In the application based on microservice, it is usually necessary to call multiple microservices to complete specific tasks. In the mode of not applicable to bulkhead, these calls are executed by the same batch of threads by default, and these threads are reserved for processing the requests of the entire Java container. Therefore, in the case of a large number of requests, a performance problem of a service will cause all threads in the Java container to be occupied, block new requests at the same time, and finally the container will crash completely.

Hystrix uses a thread pool to delegate all calls to remote services. By default, this thread pool has 10 worker threads. However, it is easy for a slow running service to occupy all threads. All hystrix provides an easy-to-use mechanism to create ‘bulkheads’ between different remote resource calls and isolate the calls of different services into different thread pools so that they do not affect each other.

To realize the isolated thread pool, you only need to add the annotation of thread pool on @ hystrixcommand.
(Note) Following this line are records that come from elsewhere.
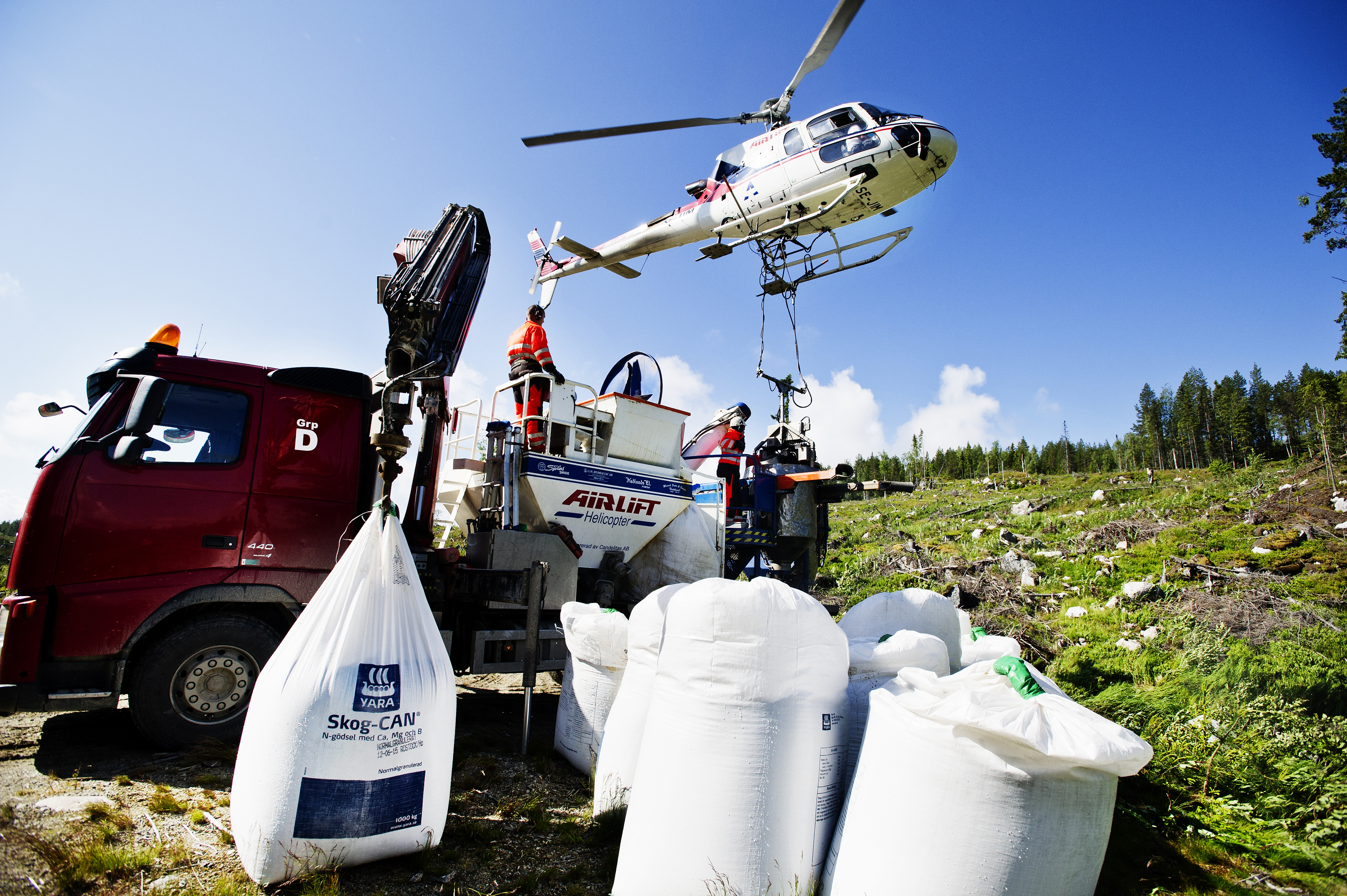 - Beskrivning: Gödsling, skogsgödsling. Airlift Helicopter utför gödsling på Sveaskogs marker.
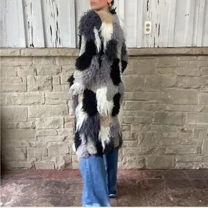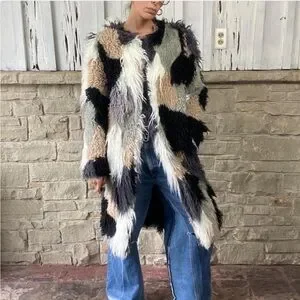 Multicolor patchwork shaggy faux fur coat shearling duster jacket
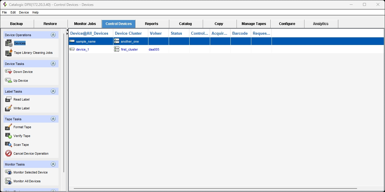 Use the Control Devices operation to manage storage devices, tape libraries, and media volumes. In the Control Devices tab, you can open the following pages from the task panel:
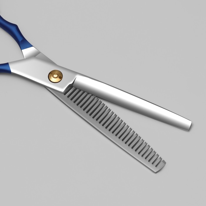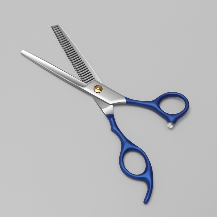 Ножницы филировочные с упором «Premium», лезвие — 6,5 см, цвет серебристый/синий
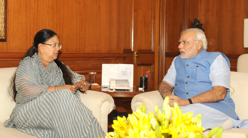 "The Chief Minister of Rajasthan, Smt. Vasundhara Raje, called on the Prime Minister, Shri Narendra Modi, today. It was a courtesy call," the Prime Minister's Office said in a statement.
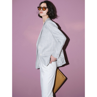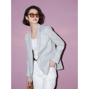 芝美日禾 职业休闲通勤雅灰小个子外套女 意大利产亚麻春夏西装
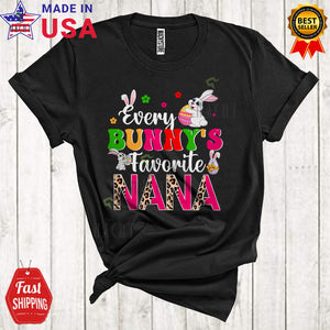 Every Bunny's Favorite Nana Funny Happy Easter Day Matching Family Leopard Bunny T-Shirt
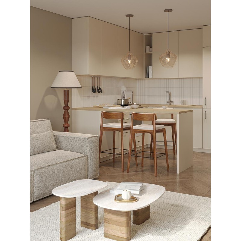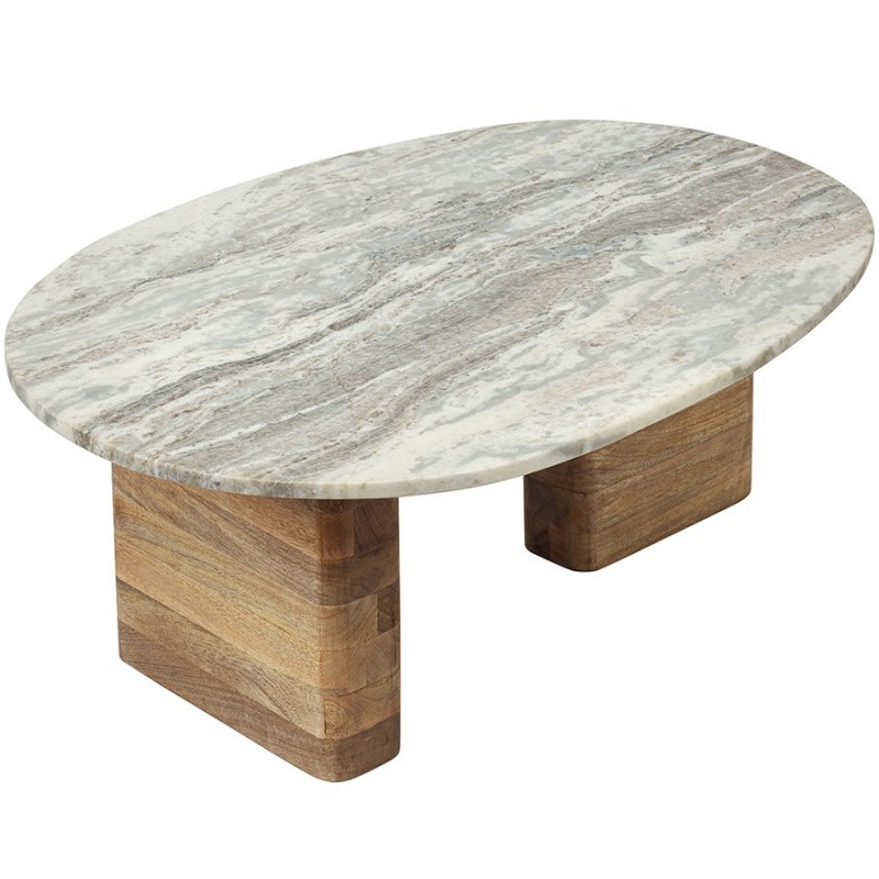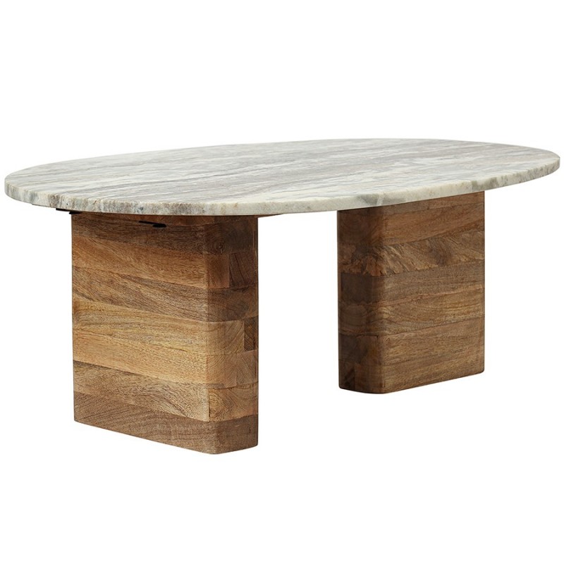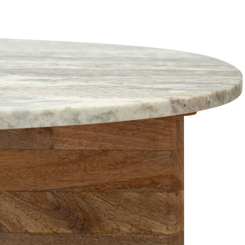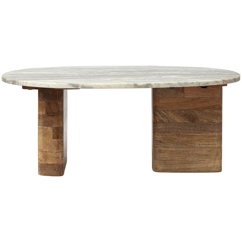 Столик кофейный Torhill от дизайнерского бренда Bergenson Bjorn – элегантное и функциональное дополнение к любому интерьеру. Столешница из мрамора и основание из мангового дерева создают прекрасный тандем, который привносит в интерьер ощущение гармонии и единения с природой.Особенности и преимущества:- Материалы выдерживают испытание временем, сохраняя привлекательный вид и первоначальные характеристики. - Столешница из мрамора делает модель интересной, объединяя в себе природную красоту, практичность и долговечность. - Основание из мангового дерева делает мебель устойчивой и надежной, а ее дизайн – уникальным, с налетом экзотики. - Универсальность мрамора и естественный оттенок древесины позволяют вписать столик в интерьер, оформленный в любой цветовой гамме.! Обращаем ваше внимание, что этот предмет мебели изготовлен вручную и может быть не идеален. Небольшие неровности, потертости и различия в цвете – это не брак, а индивидуальная особенность товара, произведенного ручным способом.Материал: манговое дерево, мрамор. Размеры: 75х52х30 см. Максимальная нагрузка: 20 кг. Цвет: бежевый/мрамор.Важно!Натуральный мрамор не обладает водоотталкивающим эффектом. Структура материала пористая, из-за чего он может впитывать жидкости и другие вещества. Чтобы защитить поверхность от пятен, ее можно обработать специальными защитными средствами (пропитки для мрамора).Как ухаживать за поверхностью из мрамора:1) Чтобы очистить поверхность из мрамора, протрите ее слегка влажной тканью, избегая длительного контакта с водой. Можно использовать мягкие чистящие жидкости, но не абразивные и не кислотные средства. 2) Образовавшиеся пятна можно очистить с помощью специальных средств для каменных поверхностей. 3) Защитная обработка: регулярно наносите защитный слой из пропитки для мрамора. Это позволит защитить поверхность и сделать ее более герметичной, устойчивой к появлению пятен. Можно использовать любую пропитку, которая подходит для натурального мрамора. 4) Использовать пропитку рекомендуется 1 раз в 6–12 месяцев, но не менее 1 раза в год, чтобы поддерживать ее защитный барьер от влаги, масел и грязи. Эта профилактическая мера помогает сохранить идеальный внешний вид камня и продлить срок его службы. 5) Постарайтесь избегать попадания масла и кислотных жидкостей на поверхность столешницы. Любую пролитую жидкость вытирайте насухо сразу же. 6) Во избежание появления новых пятен, используйте подставки под блюда, кружки, бокалы. 7) Не ставьте горячие и холодные емкости непосредственно на столешницу. 8) Не режьте на столешнице.
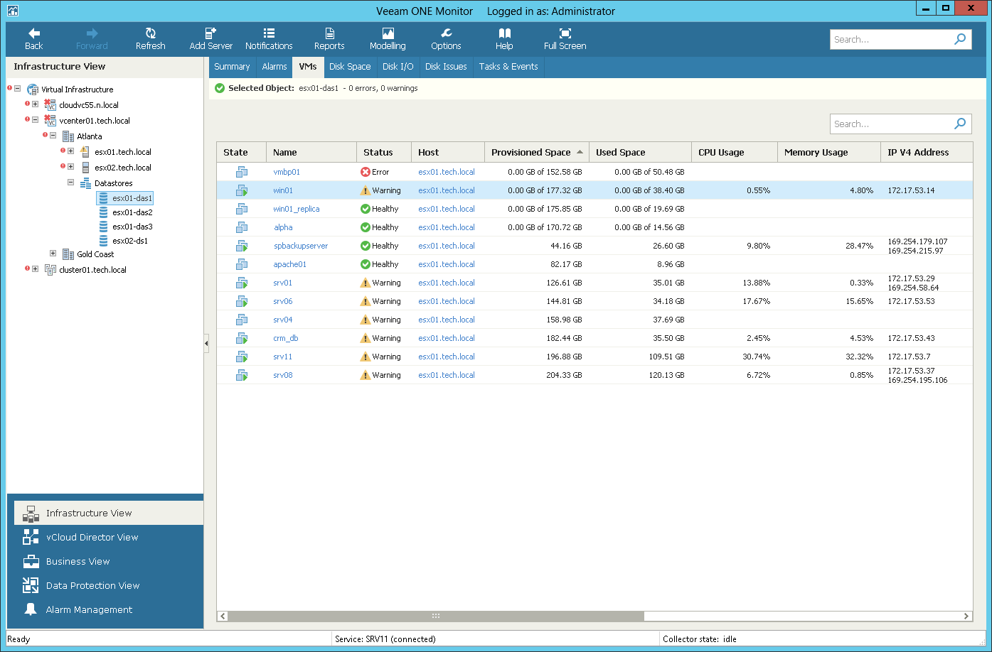 - Open Veeam ONE Monitor.

Take ribbon for example (feign is similar). Modify the organizationbyribbonservice class under the service package in licensingservice, and change the annotation of getorganizationwithribbon method to the following:

@HystrixCommand(commandProperties = {
@HystrixProperty(name = "execution.isolation.thread.timeoutInMilliseconds", value = "1000")
}, fallbackMethod = "getOrganizationWithRibbonBackup",
threadPoolKey = "licenseByOrgThreadPool",
threadPoolProperties = {
@HystrixProperty(name = "coreSize", value = "30"),
@HystrixProperty(name = "maxQueueSize", value = "10")

If the value of the maxqueuesize property is set to – 1, all incoming requests will be saved using synchronousqueue, which forces the number of requests in process to never exceed the size of the thread pool. A value greater than 1 will use linkedblockingqueue.

Note: in the example code, the attribute values are hard coded into the hystrix annotation. In the actual application environment, configuration items are generally configured in spring cloud config, which is convenient for unified management.

All codes used this time: Click to jump

The above is the whole content of this article. I hope it will help you in your study, and I hope you can support developepaer more.